The following are the main and recurring characters in the Star Trek: New Frontier series of novels by Peter David.

Mackenzie Calhoun 
Captain Mackenzie Calhoun (born M'k'n'zy of Calhoun) is a member of the Xenexian species, a race that, for years, was under the rule of the Danteri. (Xenexians closely resemble humans, with purple eyes being the major distinguishing feature.) Calhoun led the Xenexian revolution that freed them from the Danteri, a revolution that ended before Calhoun turned 20. After a visit from Stargazer captain Jean-Luc Picard, whom he had seen in a hallucinatory vision prior to the meeting, Calhoun left his homeworld and joined Starfleet. After a falling-out after the events surrounding the death of his captain on the USS Grissom, Calhoun left Starfleet, but was lured back by Picard and took command of the Excalibur. His cowboy-like command style sometimes irks his co-workers (particularly Shelby and Jellico), but he has always been able to get the job done.

Peter David has stated that the character of Commander Quentin Stone from his 1991 TNG novel, A Rock and a Hard Place, unintentionally turned out to be an early draft of Calhoun.

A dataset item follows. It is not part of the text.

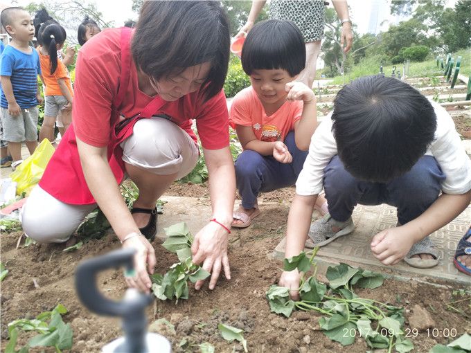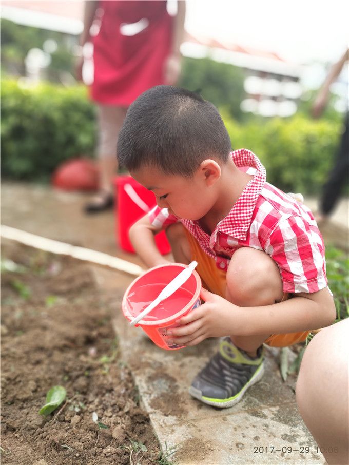 经过小组商讨之后我们开始行动了,孩子们自主分工,有的拔杂草、有的种小菜苗、有的负责浇水……

Calhoun is the only non-TV Star Trek character to be the subject of an action figure; the figure comes with a sword, and is highly detailed. James Cawley, who plays Kirk in Star Trek: New Voyages, made a guest appearance in the Star Trek: Hidden Frontier episode "Vigil" (season 6, num. 605) as Mackenzie Calhoun.

Elizabeth Shelby 
Lt. Commander Elizabeth Shelby first appeared in the TNG episodes "The Best of Both Worlds Parts 1 and 2", where she was played by Elizabeth Dennehy. Shelby was assigned to the USS Excalibur some years before New Frontier under the command of Captain Korsmo. She was romantically involved with Calhoun during her time at Starfleet Academy. When the series began, Shelby served as first officer of the Excalibur under Calhoun; their relationship was decidedly platonic, but she has since married Calhoun, been promoted to her own command as captain of the USS Trident and later, Admiral in command of Starfleet's Bravo Station, where she administratively oversees activities in Sector 221-G, the focal point of many New Frontier adventures.

Burgoyne 172 
Burgoyne 172, a member of the Hermat species, is neither exactly male nor exactly female, but is instead a combination of the two (as such, the character is generally referred to in the NF books and comic books by the merged personal pronouns "s/he" and "hir"). Originally, s/he served the chief engineer of the Excalibur under Captains Korsmo and Calhoun, but has since received a promotion, and now holds the position of first officer on the current ship bearing that name. Burgoyne has become romantically involved with Dr. Selar, and together they have one child. In the novel "Treason," when Selar is manipulated into kidnapping Robin Lefler's child, Burgoyne is injured trying to stop her. Seeking to make amends, Selar decides to remove Burgoyne's "hurt" by using a mind meld to erase all hir memories of their relationship. Thus, when Mac complains about Burgoyne risking hirself to save the woman s/he loves, Burgoyne is confused and Soleta confirms what Selar did, leaving Mac unsure whether to tell Burgoyne the truth or have hir hurt losing hir love.

Selar 

Doctor T'Para Lotos Selar, a female Vulcan, originally appeared in the TNG episode "The Schizoid Man" as a lieutenant and medical officer under Dr. Pulaski. Dr. Selar was played by Suzie Plakson. She is the Chief Medical Officer on board the Excalibur. It is revealed in the opening New Frontier novel story arc that her husband, Voltak, suffered a fatal heart attack years earlier when they were consummating their marriage during pon farr. As a result, she never completed the act, and was in a suppressed state of incomplete pon farr until she met the Excaliburs chief engineer, Burgoyne 172. The two began a relationship, and Selar bore them a son, Xyon. In the 2009 novel Treason, Selar, desperate for a cure for the rapid aging that afflicted Xyon, was telepathically manipulated by a race called the D'myurj into kidnapping Cwansi, the infant son of Robin Lefler and Si Cwan. In atoning for her act by rescuing Cwansi, Selar sacrificed herself by destroying the D'myurj's base of operations in an explosion that took her life. Previous to that, she decided to ease the hurt she had done to Burgoyne by using a mind meld to erase the pain from his memories of their relationship.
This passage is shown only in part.